September 1939. Britain was at war with Germany. I was nearly three and, with thousands of other young children and young mothers, I had been taken to Ilford station for evacuation to Ipswich.

So wrote Bob Holman in 1995 when recalling his personal memories of his childhood. Like many others whose childhood happened to coincide with the Second World War he was caught up in a nation-wide exercise to move children, mothers and pregnant women from the danger zones in towns and cities, with their risk of bombing, to safer areas in the British countryside. This enforced migration of children and young people from urban to rural areas was called the evacuation. It was a policy that had a profound effect on the children and families involved, but it also helped change the nature of the personal social services in post-war Britain, and contributed to the setting up of what became known as the welfare state.

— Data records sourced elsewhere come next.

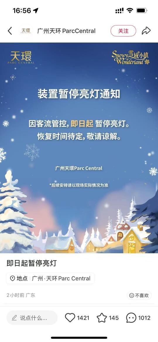 11月30日,“广州天环ParcCentral”官方公众号发布消息,因客流管控,即日起暂停亮灯,恢复时间待定。据了解,该装置11月24日、11月29日晚都曾发布过暂停亮灯通知。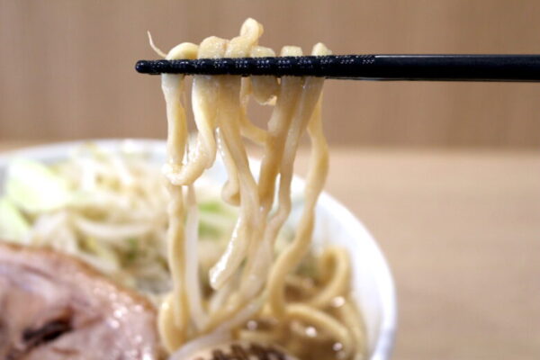 こちらは自家製麺。オーションというラーメン二郎で使われている小麦粉が使われています。他の小麦粉も使って試作されましたが、二郎系ラーメンの特徴であるワシワシ麺を作るにはこの小麦粉が1番合うんだそう。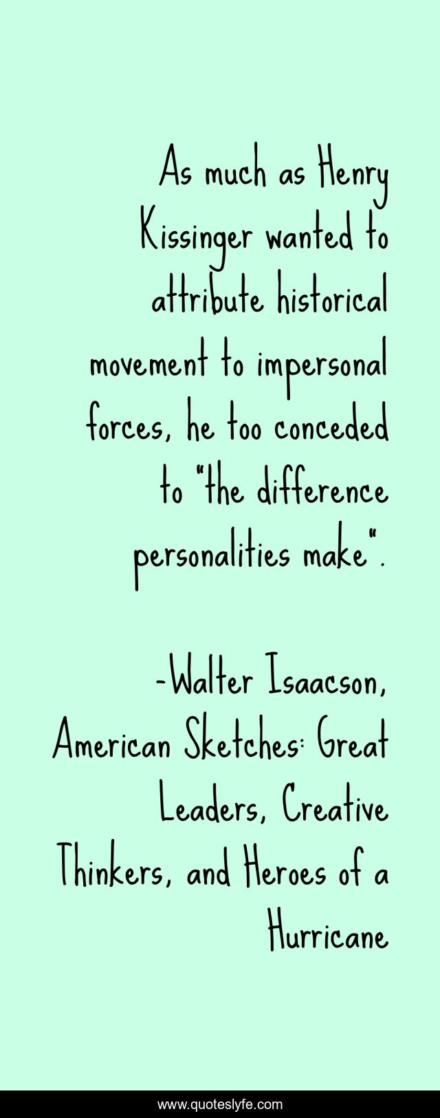 This page presents the quote "As much as Henry Kissinger wanted to attribute historical movement to impersonal forces, he too conceded to "the difference personalities make".". Author of this quote is Walter Isaacson, American Sketches: Great Leaders, Creative Thinkers, and Heroes of a Hurricane. This quote is about discipleship, leadership, inspiration,.
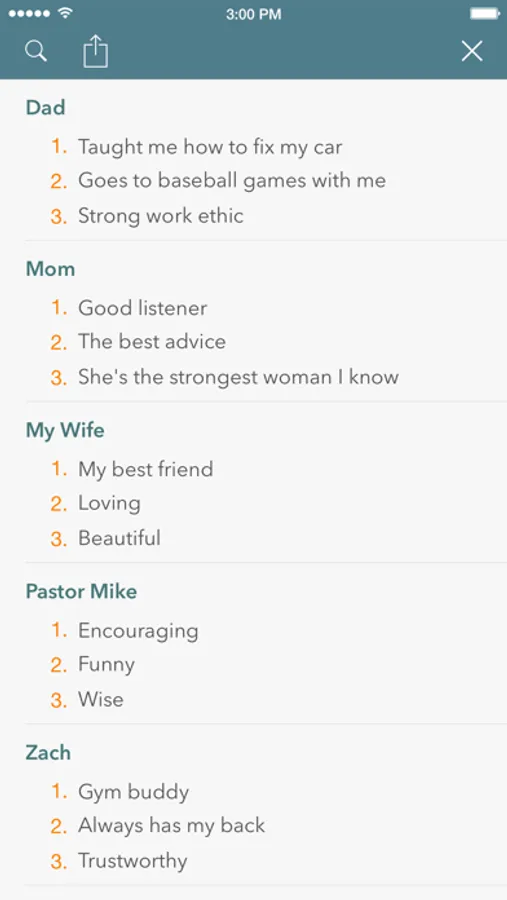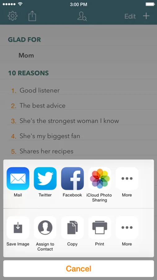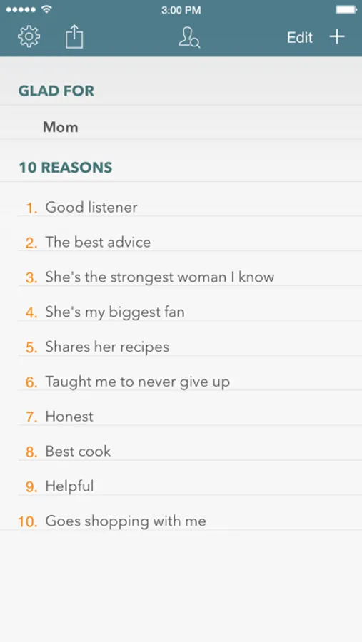 Introducing 10 Reasons for iOS, a sister app to Wants & Thanks. 10 Reasons is a simple and elegant way to express gratitude for the people and things in your life. Enter the name of someone or something you're grateful for and up to 10 reasons you appreciate them. Keep it private or send your list to that person as an image, text, or PDF. Sharing options include social media like twitter and Facebook, email, and text.

Millions of people were caught up in the exercise – not only the evacuees (as they were called) who were on the move, but also the host families who took them in, the billeting officers who placed them and the voluntary visitors who visited them. Some young children, like Bob Holman, were evacuated with their mothers but many older children were sent away from home in school groups and parties - unaccompanied by either parent. The selection process was like a cattle market where children waited to be picked out (or not) by local women:

As one of those who suffered the humiliation of waiting to be picked, I know that is something I will never ever forget. With many of the children who were left unchosen, it seemed there was nothing to do but gather them up and begin a walk from door to door. The strange sad lines were a common sight as the billeting officers or teachers tried their best to find someone willing to take them in, if just for the night.
(from B. Wicks: No Time to Wave Goodbye, 1988)

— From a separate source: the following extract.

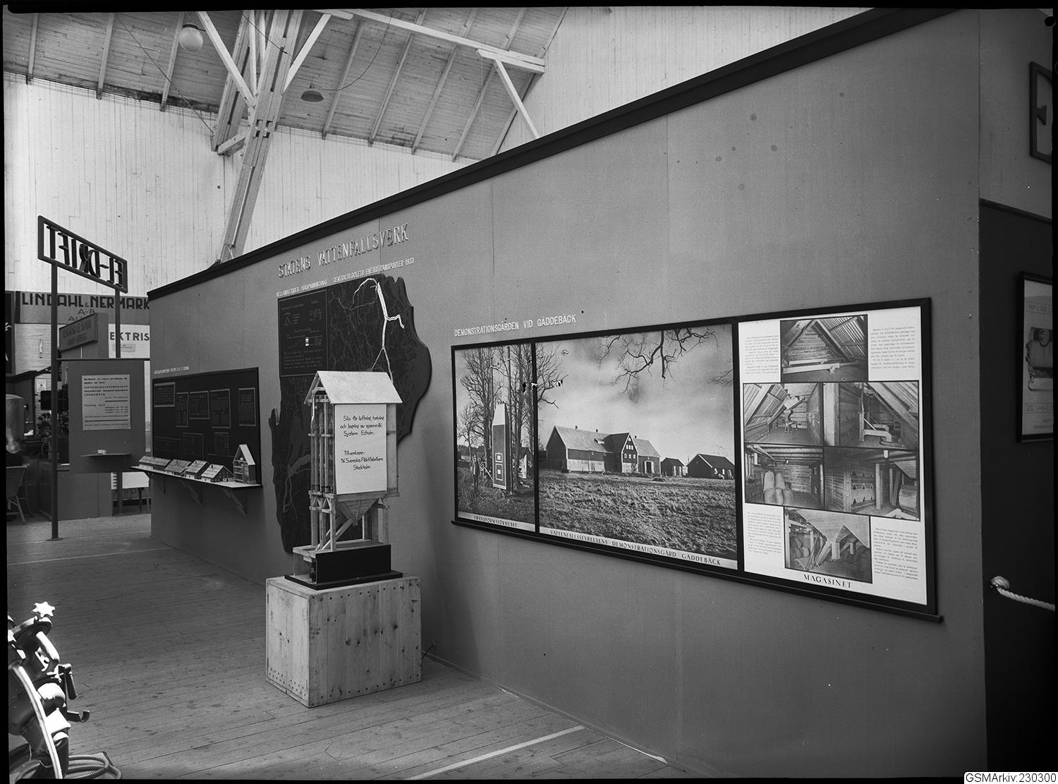 Monter på Svenska Mässan, utställare Statens Vattenfallsverk visar Lantbruksbyggnaders rationella utformning. Vattenfallsstyrelsens demonstrationsgård vid Gäddebäck.

Personal loss and separation, as experienced here, and by countless other young evacuees, had a profound effect on the children directly concerned and those who bore witness to their plight. Because it involved migration on a mass scale, evacuation brought the needs of children into the forefront. While most attention was focused on those separated from their families, there was also a raising awareness of the needs of disadvantaged, deprived or poor children. All this helped raise public awareness of the grim conditions in which many children lived and had the effect of stretching and bending the old class system in a way that no previous war had ever done. It threw people together, and forced one half of the country to see "how the other half lived".

Although it was a contingency policy, brought about by the necessities of war, evacuation brought in its wake widespread changes which directly and indirectly led to the setting up of the welfare state in the 1940s.